Perhaps his most unexpected personal characteristic is that he never looks at a man’s face and never recognizes a face. This is inherited; his father one day stepped on his toe in the street and passed on with an apology, not knowing him. He would not recognize his mother or his brothers, even, if he met them without warning. Long practice has made Lawrence able to talk for twenty minutes at a time to whoever accosts him without betraying that he hasn’t a notion who the person is. Yet he can remember names and details of taste and character, and words and opinions and places vividly and at great length. He does his best to see people; but is constantly getting into trouble for not recognizing and saluting officers when they are out of uniform; for nobody is willing to believe his excuses.

He has never been dogmatic about any creed or political conviction: he has no belief in a philosophic Absolute. He has no use for crowds or any person whose only strength is that he is a member of some society or creed. He clearly also expects people to find themselves and be true to themselves, and to leave their neighbours to do the same: he would wish every man to be an everlasting question-mark. He can be relentless to the point of cruelty: the shock of his anger, which is a cold quiet laughing anger, is violent. To hear him, say, dismissing an impostor who claims to have served during the War in the East in such and such a unit, or reminding a bully of men deliberately sent to their death by him in such and such a province, is a terrifying experience. But when the offender is gone, the anger goes too and leaves no trace.

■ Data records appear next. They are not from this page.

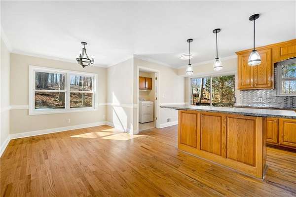 Rare opportunity in the heart of Suwanee within the North Gwinnett High School District! Approximately 5.22 acres lot and an existing four-sided brick ranch home with a finished basement. The spacious main level features a kitchen with breakfast area, separate laundry room, open-concept living and dining area, vaulted sunroom, deck, three generously sized bedrooms, two full bathrooms, and a convenient side-entry carport with easy kitchen access. The finished lower level offers a media room, second living area, full bathroom, and exterior entrance. Freshly painted interior and exterior. Situated on a private, wooded lot with no HOA, surrounded by established neighborhoods and nearby million-dollar homes. Conveniently located near Downtown Suwanee, George Pierce Park, shopping, dining, and top-rated schools. Ideal for renovation, expansion, or redevelopment-a must-see property with endless potential. Property sold AS-IS, WHERE IS. Seller has never occupied; no disclosures provided. No survey available.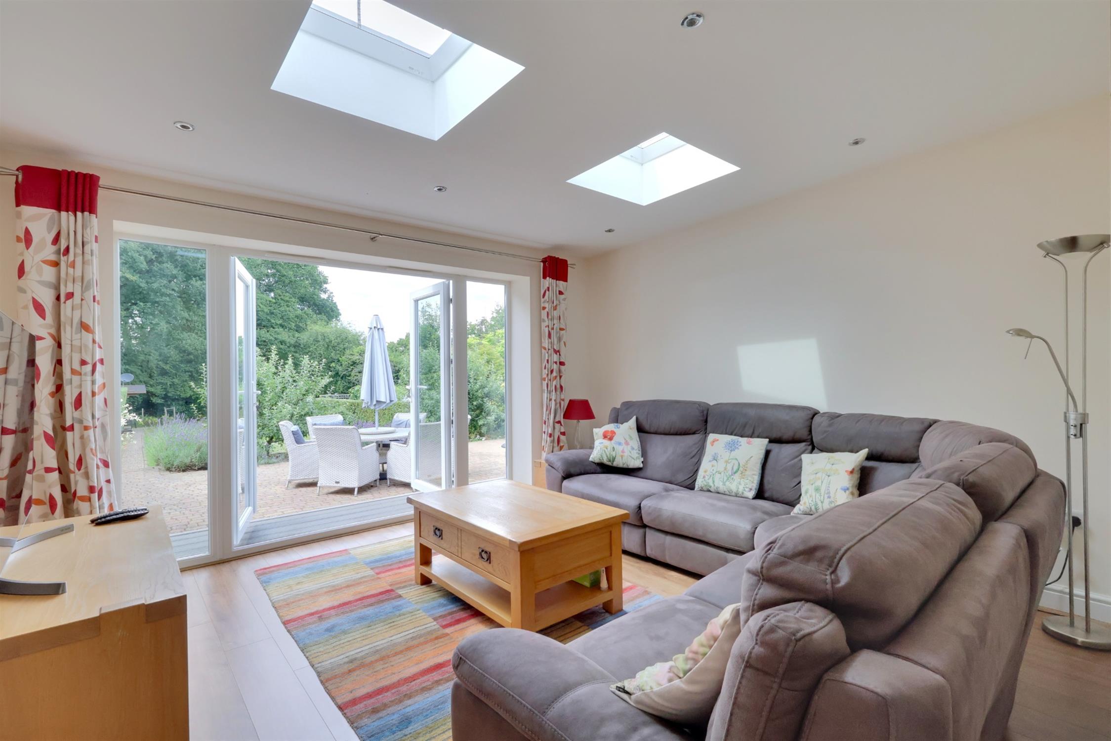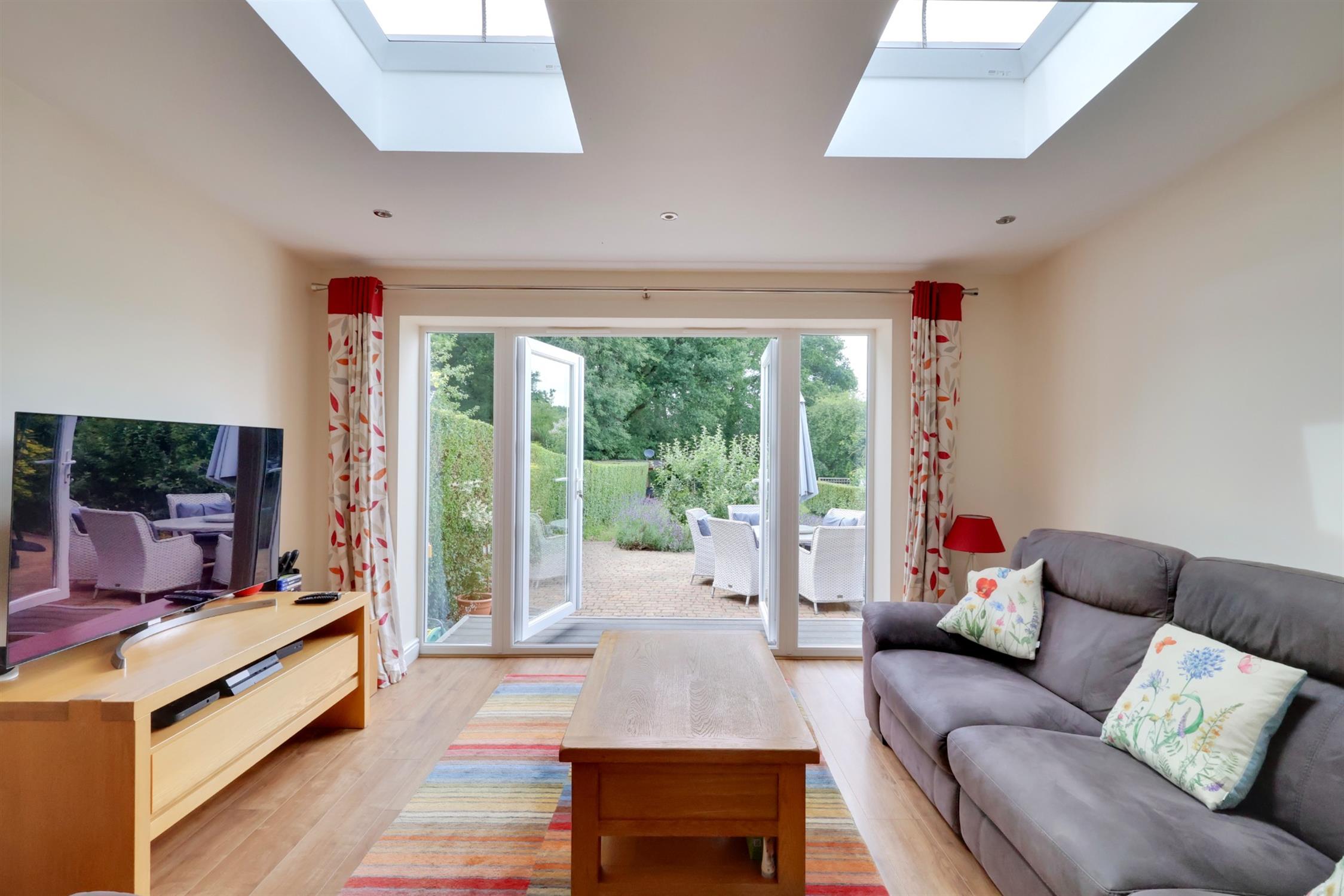 Rear extension with smooth plastered ceiling with two uPVC roof lights and integrated inset lighting. Large uPVC, French style doors leading to rear decked/paved patio area. Automatic rain sensored roof lights. Radiator and wooden laminate flooring. Door to :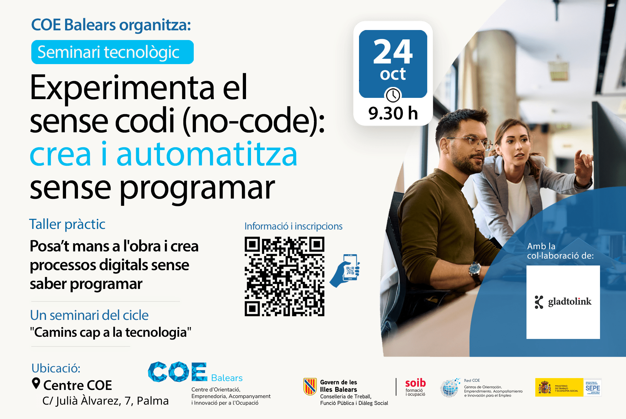 De la mà de Gladtolink, empresa tecnològica de Palma creadora de la seva pròpia eina sense codi (no-code), coneixerem com funciona aquesta tecnologia i aprendrem a configurar, pas a pas, un cas pràctic i senzill.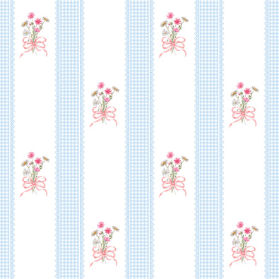Papel de Parede Adesivo Buquê de Flor Listrado Azul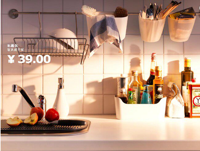 В этом случае на нем можно будет расположить все те предметы, которые обычно стоят на рабочей поверхности, освободив ее. - Для кухонь с угловой мойкой можно использовать специальный элемент, который крепится на рейлинг и становится удобной полочкой для бытовой химии.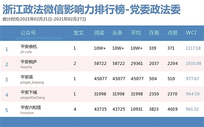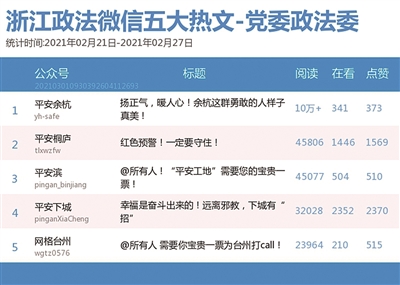 本期政法委榜出现“双料”三甲,分别是“平安余杭”“平安桐庐”“平安滨”。热文榜上,“平安余杭”的《扬正气,暖人心!余杭这群勇敢的人样子真美!》一文阅读量突破“10万+”,这篇推文讲述了杭州市余杭区各乡镇(街道)暖心民警、网格员的故事,一度在朋友圈刷屏。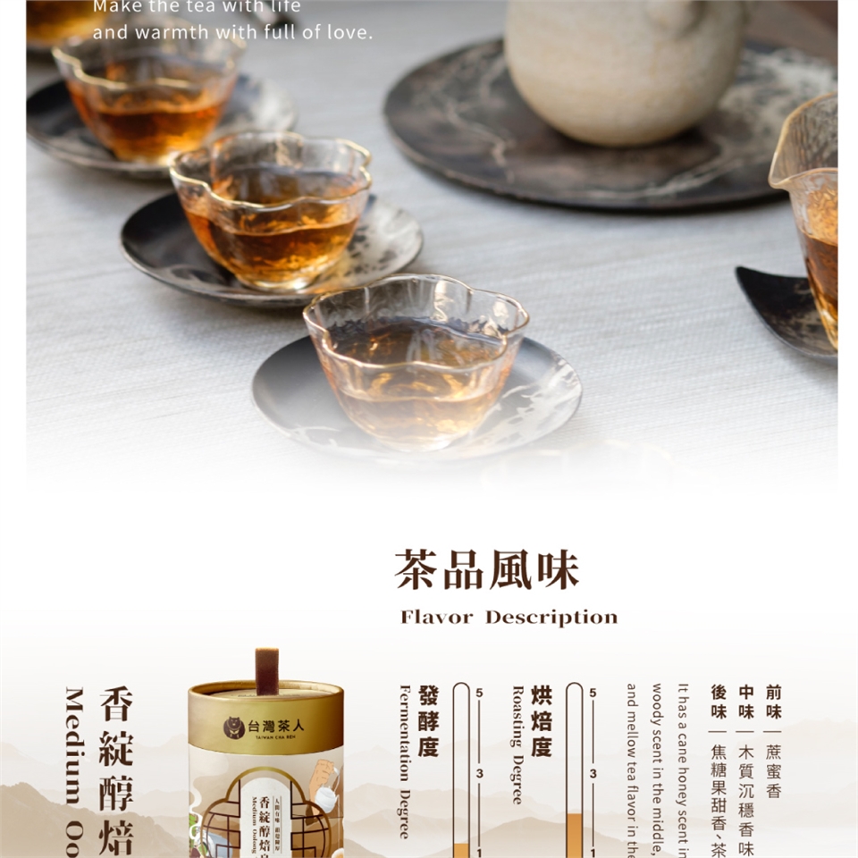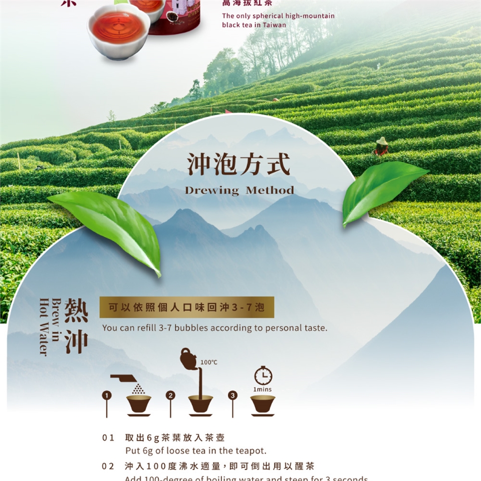 *熱沖:取出6g茶乾至入茶壺,沖入90度300cc熱水旋即倒掉以醒茶,第一泡或第二泡停留45~50秒,即為最佳風味時間,可依個人口味回沖3~7泡。

Lawrence does not like children (or dogs or camels) in mass, in the usual sentimental way. He likes a few children (as also a few dogs, a few camels). From the rest he shrinks. He is afraid of them, and he is sorry for them, as for creatures forced, without having their wishes consulted, into an existence in which, if they are good creatures, they will necessarily find disappointment. This will not prevent him at times from talking really to a child, treating it as an independent person and not merely as a clever echo of its parents.